### WORK INSTRUCTION
Begin at the line containing "Featuring high density, long" and restate it and each line after it exactly, up to and including the last line below. Leave pictures out.

### RAW DATA
━━━━━━━━━━━━━━━━━━━━

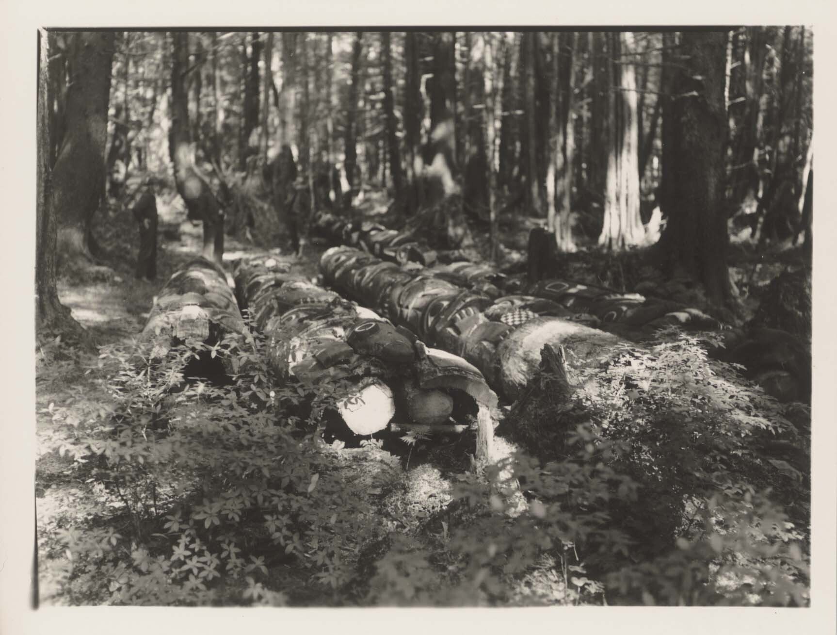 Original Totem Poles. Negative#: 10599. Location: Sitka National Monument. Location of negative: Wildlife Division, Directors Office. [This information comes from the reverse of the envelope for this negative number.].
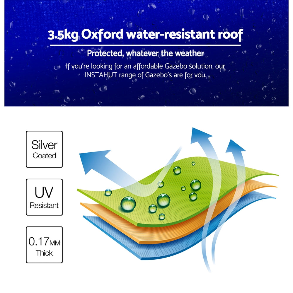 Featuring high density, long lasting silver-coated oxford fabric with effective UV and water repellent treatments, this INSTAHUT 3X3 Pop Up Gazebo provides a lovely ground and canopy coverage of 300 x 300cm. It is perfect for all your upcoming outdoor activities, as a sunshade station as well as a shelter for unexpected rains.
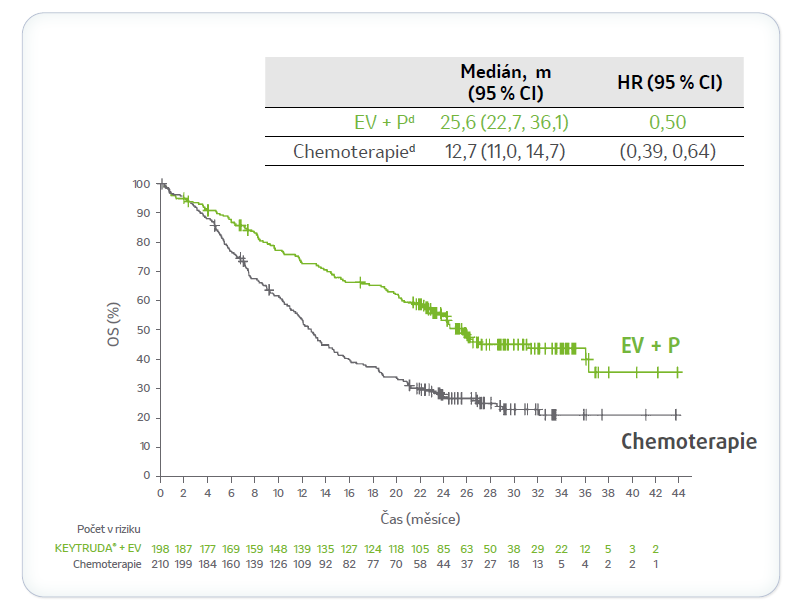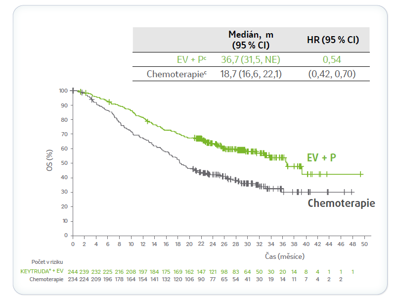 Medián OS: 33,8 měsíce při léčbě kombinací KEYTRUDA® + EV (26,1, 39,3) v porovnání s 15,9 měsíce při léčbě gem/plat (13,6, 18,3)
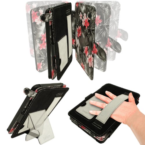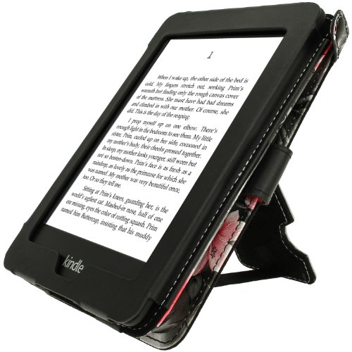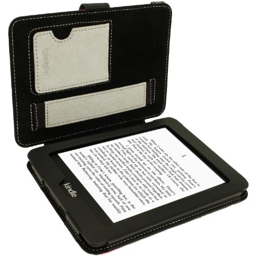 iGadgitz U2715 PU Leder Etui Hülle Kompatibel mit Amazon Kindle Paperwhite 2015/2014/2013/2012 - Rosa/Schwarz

━━━━━━━━━━━━━━━━━━━━

### ANSWER SPACE
 Featuring high density, long lasting silver-coated oxford fabric with effective UV and water repellent treatments, this INSTAHUT 3X3 Pop Up Gazebo provides a lovely ground and canopy coverage of 300 x 300cm. It is perfect for all your upcoming outdoor activities, as a sunshade station as well as a shelter for unexpected rains.
 Medián OS: 33,8 měsíce při léčbě kombinací KEYTRUDA® + EV (26,1, 39,3) v porovnání s 15,9 měsíce při léčbě gem/plat (13,6, 18,3)
 iGadgitz U2715 PU Leder Etui Hülle Kompatibel mit Amazon Kindle Paperwhite 2015/2014/2013/2012 - Rosa/Schwarz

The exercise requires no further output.